* **TASK MATERIAL**:

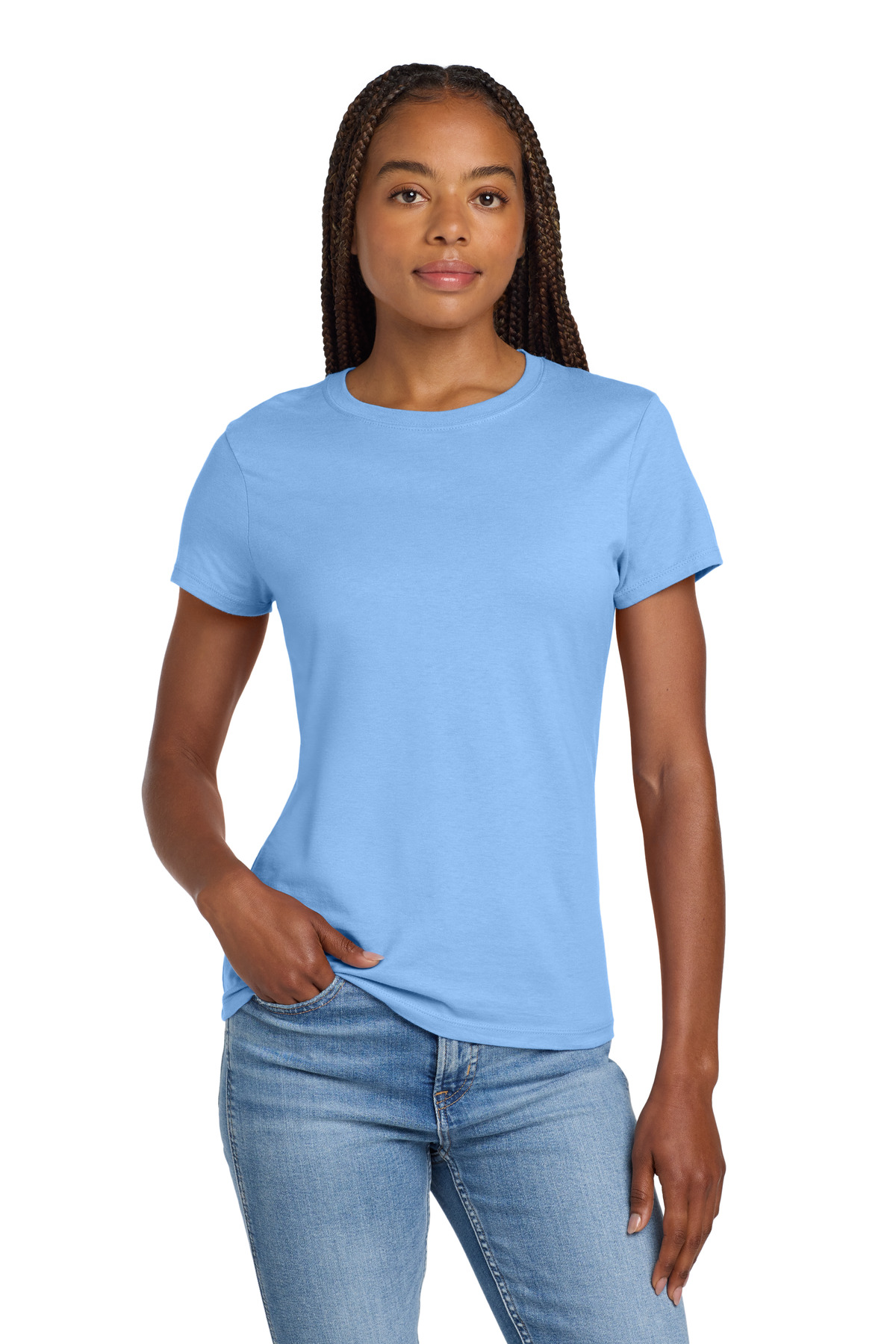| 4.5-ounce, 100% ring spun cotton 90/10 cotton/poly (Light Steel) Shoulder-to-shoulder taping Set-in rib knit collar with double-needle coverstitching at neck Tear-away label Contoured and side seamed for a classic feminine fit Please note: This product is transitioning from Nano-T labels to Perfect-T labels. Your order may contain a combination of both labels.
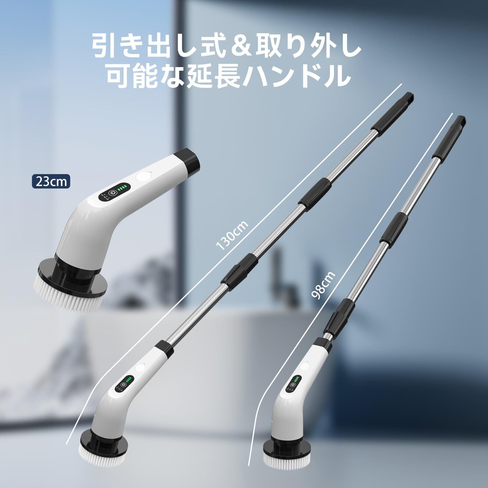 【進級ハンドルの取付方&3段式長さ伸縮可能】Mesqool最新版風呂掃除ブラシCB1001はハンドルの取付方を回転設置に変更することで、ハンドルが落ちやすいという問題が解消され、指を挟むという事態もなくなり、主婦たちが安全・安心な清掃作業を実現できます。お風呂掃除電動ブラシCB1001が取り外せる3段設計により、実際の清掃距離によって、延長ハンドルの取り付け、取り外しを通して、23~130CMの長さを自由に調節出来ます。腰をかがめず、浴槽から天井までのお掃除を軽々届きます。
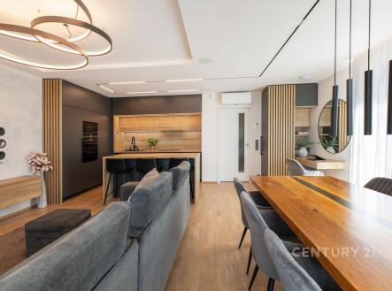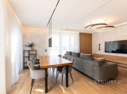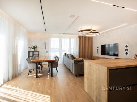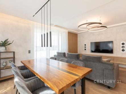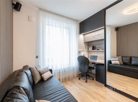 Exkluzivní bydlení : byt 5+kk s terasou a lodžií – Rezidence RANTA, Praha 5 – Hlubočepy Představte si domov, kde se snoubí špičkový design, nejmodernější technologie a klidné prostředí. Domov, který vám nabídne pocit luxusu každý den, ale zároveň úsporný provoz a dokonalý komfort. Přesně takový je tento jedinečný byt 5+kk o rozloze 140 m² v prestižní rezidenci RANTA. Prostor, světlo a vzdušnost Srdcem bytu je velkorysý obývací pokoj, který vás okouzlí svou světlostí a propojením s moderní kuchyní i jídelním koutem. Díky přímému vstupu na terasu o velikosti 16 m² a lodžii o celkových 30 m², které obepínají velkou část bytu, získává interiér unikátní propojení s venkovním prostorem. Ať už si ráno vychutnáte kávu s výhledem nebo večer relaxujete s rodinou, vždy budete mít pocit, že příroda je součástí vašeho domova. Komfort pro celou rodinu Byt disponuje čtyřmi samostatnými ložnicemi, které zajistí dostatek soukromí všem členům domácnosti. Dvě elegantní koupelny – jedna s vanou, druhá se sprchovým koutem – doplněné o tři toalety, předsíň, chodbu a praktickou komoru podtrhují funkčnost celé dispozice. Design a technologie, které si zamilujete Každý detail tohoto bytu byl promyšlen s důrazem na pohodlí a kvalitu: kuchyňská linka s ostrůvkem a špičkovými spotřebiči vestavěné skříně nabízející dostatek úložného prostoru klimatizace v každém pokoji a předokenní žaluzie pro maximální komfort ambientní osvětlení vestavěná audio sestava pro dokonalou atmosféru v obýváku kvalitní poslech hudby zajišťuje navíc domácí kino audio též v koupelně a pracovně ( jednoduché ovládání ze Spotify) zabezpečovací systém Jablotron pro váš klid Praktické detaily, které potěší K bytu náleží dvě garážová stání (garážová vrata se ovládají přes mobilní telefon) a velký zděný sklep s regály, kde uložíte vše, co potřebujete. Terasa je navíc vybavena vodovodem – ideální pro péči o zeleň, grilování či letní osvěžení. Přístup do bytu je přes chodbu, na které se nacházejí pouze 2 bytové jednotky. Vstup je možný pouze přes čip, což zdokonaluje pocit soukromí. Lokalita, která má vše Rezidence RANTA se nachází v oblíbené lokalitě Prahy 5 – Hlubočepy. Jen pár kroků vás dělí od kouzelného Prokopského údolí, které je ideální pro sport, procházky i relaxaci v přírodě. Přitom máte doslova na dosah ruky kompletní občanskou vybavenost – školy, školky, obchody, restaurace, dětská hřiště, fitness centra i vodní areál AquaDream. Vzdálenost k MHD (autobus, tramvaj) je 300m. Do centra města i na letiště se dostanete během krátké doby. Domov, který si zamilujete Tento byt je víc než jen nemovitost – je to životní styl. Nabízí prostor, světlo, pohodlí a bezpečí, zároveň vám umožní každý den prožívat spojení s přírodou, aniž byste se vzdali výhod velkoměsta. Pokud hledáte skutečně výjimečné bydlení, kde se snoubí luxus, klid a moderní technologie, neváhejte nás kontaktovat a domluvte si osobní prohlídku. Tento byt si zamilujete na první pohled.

...

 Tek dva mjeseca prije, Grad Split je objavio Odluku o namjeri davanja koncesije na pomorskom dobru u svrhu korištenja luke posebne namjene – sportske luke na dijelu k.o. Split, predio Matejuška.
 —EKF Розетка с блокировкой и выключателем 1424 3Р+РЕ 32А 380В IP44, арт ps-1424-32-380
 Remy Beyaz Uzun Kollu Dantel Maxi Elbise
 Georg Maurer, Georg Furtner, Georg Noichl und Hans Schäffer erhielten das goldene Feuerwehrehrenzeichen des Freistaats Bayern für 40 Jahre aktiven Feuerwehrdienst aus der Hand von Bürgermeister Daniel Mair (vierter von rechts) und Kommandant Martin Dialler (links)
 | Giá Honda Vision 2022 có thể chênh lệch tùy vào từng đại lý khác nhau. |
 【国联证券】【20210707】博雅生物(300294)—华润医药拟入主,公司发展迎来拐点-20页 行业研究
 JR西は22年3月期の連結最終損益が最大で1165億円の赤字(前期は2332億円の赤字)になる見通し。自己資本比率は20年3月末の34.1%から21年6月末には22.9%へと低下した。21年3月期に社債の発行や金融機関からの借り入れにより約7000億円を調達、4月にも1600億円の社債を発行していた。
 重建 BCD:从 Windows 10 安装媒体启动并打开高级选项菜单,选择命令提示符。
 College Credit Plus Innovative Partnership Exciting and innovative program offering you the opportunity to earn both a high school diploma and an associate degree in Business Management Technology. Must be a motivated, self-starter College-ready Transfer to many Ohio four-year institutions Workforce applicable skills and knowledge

* **TASK ITEM**:
Starting at the line that has "重建 BCD:从 Windows 10 安装媒体启动并打开高级选项菜单,选择命令提示符。" and ending at the line that has "College Credit Plus", please write out the lines above exactly, leaving out all others.

* **EXERCISE SOLUTION**:
 重建 BCD:从 Windows 10 安装媒体启动并打开高级选项菜单,选择命令提示符。
 College Credit Plus Innovative Partnership Exciting and innovative program offering you the opportunity to earn both a high school diploma and an associate degree in Business Management Technology. Must be a motivated, self-starter College-ready Transfer to many Ohio four-year institutions Workforce applicable skills and knowledge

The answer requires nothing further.